LangChain, LlamaIndex, and every agent SDK promise “provider-agnostic” interfaces that invariably leak the quirks of whichever model you’re actually running: tokenizer differences, tool-call schema variance, streaming behaviors, stop-sequence handling. The abstraction saves you on day one and costs you on day ninety, when a production bug requires you to know exactly what the framework did to your prompt.

The Demo-to-Prod Chasm

Ninety-Ninety Rule

The first 90% of your agent (the part that works in the notebook) takes 10% of the time. The remaining 10% (retries, timeouts, tool-call validation, structured output enforcement, cost controls, observability, red-teaming, rollback paths) takes the other 90%. Most “AI POCs” are optimistically 10% complete at their launch celebration.

The Hype-Horizon Asymmetry

Amara's Law

We overestimate what LLMs and agents can do in 6 months and underestimate what they’ll do in 6 years. This is why both the “AGI next year” camp and the “it’s just a chatbot” camp will age badly. Build for the slope of genuine capability growth, not the peak of quarterly discourse.

The Context Greed Law

Parkinson's Law

Work expands to fill the time available, and agent reasoning expands to fill the context window available. Give an agent 200k tokens and it will find a way to use 180k of them on retrieved chunks, scratchpad thoughts, and tool-call history that don’t change the answer. Context budgets, like time budgets, need to be imposed from outside because nothing inside the loop is incentivized to stay small.

XII

The Irreducible Complexity Law

Tesler's Law

Language understanding has a floor of complexity that cannot be eliminated, only relocated. You can push it into the prompt, into RAG, into fine-tuning, into tool schemas, into the agent graph, or onto the user’s shoulders via clarifying questions, but the total never goes down. Most “clever” LLM architectures are just complexity-laundering schemes.

XIII

The Second-Agent Effect

Second-System Effect

The team that shipped a solid single-agent v1 almost always over-engineers v2 into a multi-agent hierarchical planner with memory, reflection, critics, and a message bus; it ships later, costs more, and performs worse on the same evals. The working simple system gets mistaken for a stepping stone when it was actually the destination.

XIV

The Fallacies of Agentic Computing

Fallacies of Distributed Computing

Every agent framework quietly assumes tools are reliable, latency is zero, bandwidth is infinite, the schema is stable, and the API won’t rate-limit you mid-loop. None of these are true, and each false assumption eventually manifests as an agent silently retrying, hallucinating a tool response, or burning tokens in a doom loop. Agents are distributed systems wearing a chatbot costume.

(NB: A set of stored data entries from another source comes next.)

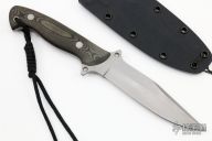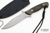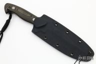 This Fighter by Keith Murr features a bead blast finished blade and a black linen micarta scales with .179" blade stock and 1.230" blade depth, full tang construction. Comes with a kydex neck sheath, but a TekLok or some other kind of belt loop could be added. Has some scuffs from the sheath, otherwise excellent condition.
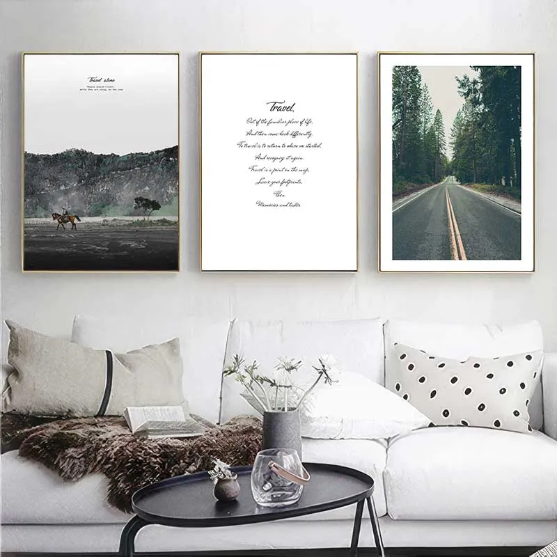 Bộ tranh này mang phong cách tối giản (minimalist) với ba bức tranh độc đáo, kết hợp giữa hình ảnh thiên nhiên và nghệ thuật chữ viết. Bức thứ nhất thể hiện cảnh một người cưỡi ngựa trên đồng bằng rộng lớn, tạo cảm giác hoang sơ và tự do. Bức thứ hai là một tác phẩm chữ viết nghệ thuật về chủ đề du lịch, truyền cảm hứng khám phá cuộc sống. Bức thứ ba là hình ảnh con đường trải dài qua khu rừng xanh mát, gợi lên khát vọng phiêu lưu và khám phá. Bộ tranh phù hợp để trang trí cho không gian phòng khách, văn phòng hoặc phòng ngủ, mang đến sự thanh lịch và tinh tế.
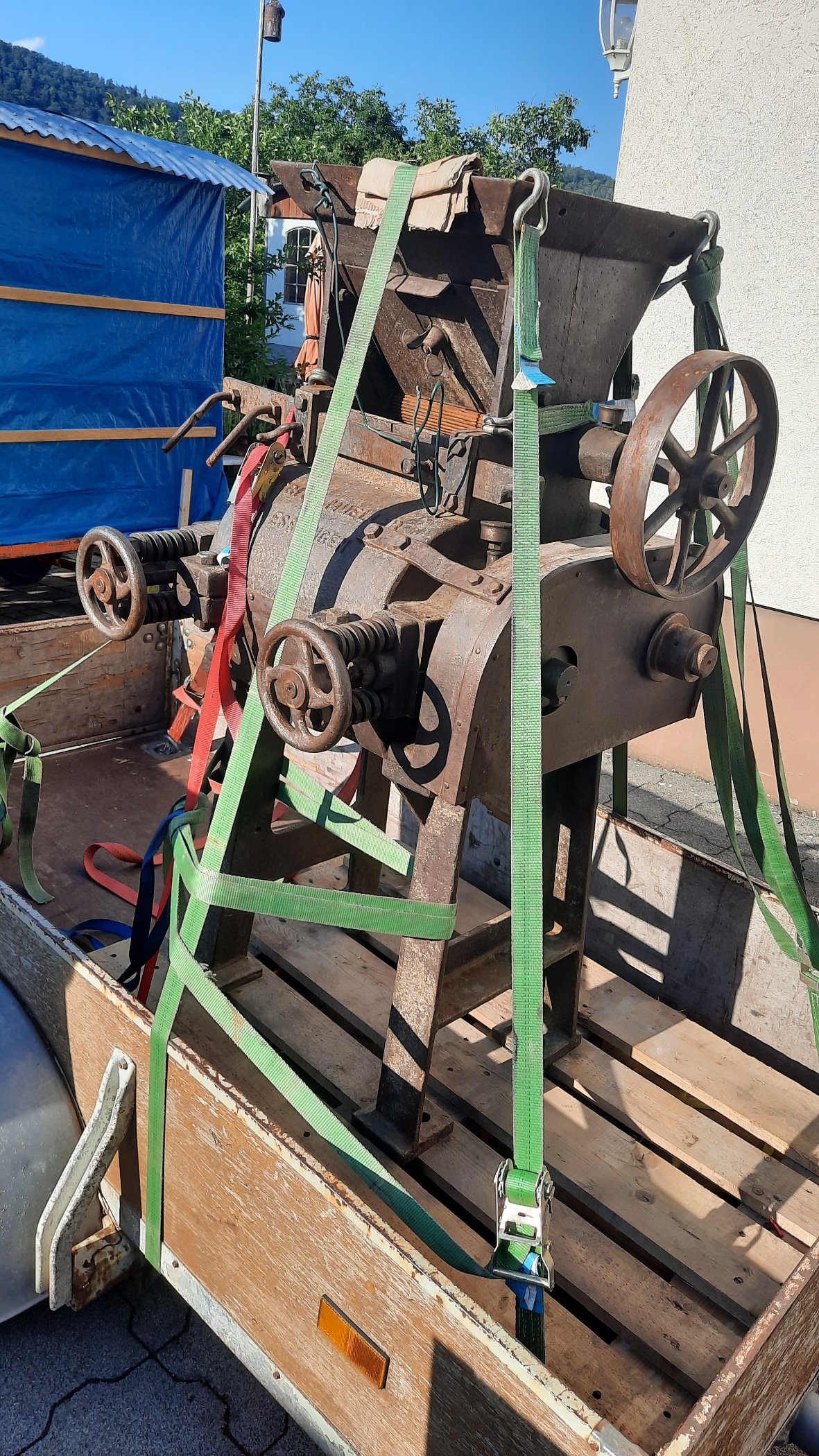 Beide Maschinen sind ausgebaut. Eine Verladung ist möglich. Es ist zu beachten, dass die Presse ungefähr 900 kg wiegt.

The Robustness Principle for LLMs

Postel's Law

Be liberal in what you accept from the model, conservative in what you emit to downstream systems. Assume the JSON will be malformed, the tool call will have an extra field, the answer will occasionally be in Markdown when you asked for plain text. Validate, repair, or reject before anything touches production. The cost of trusting LLM output verbatim is paid in 3am pages.

XVI

The Cheap-Brain Compute Trap

Jevons Paradox

Every efficiency gain in LLMs, cheaper tokens, faster training, distilled models, better hardware, expands total compute demand rather than shrinking it. When inference drops 10x in cost, it doesn’t free up the GPU fleet; it unlocks a hundred new use cases that were previously uneconomical. Agents that once ran hourly now run per-keystroke. Features that once summarized a document now summarize every paragraph. This is why the AI infrastructure bill keeps growing in lockstep with efficiency breakthroughs: each task gets cheaper, and the world responds by doing exponentially more of them.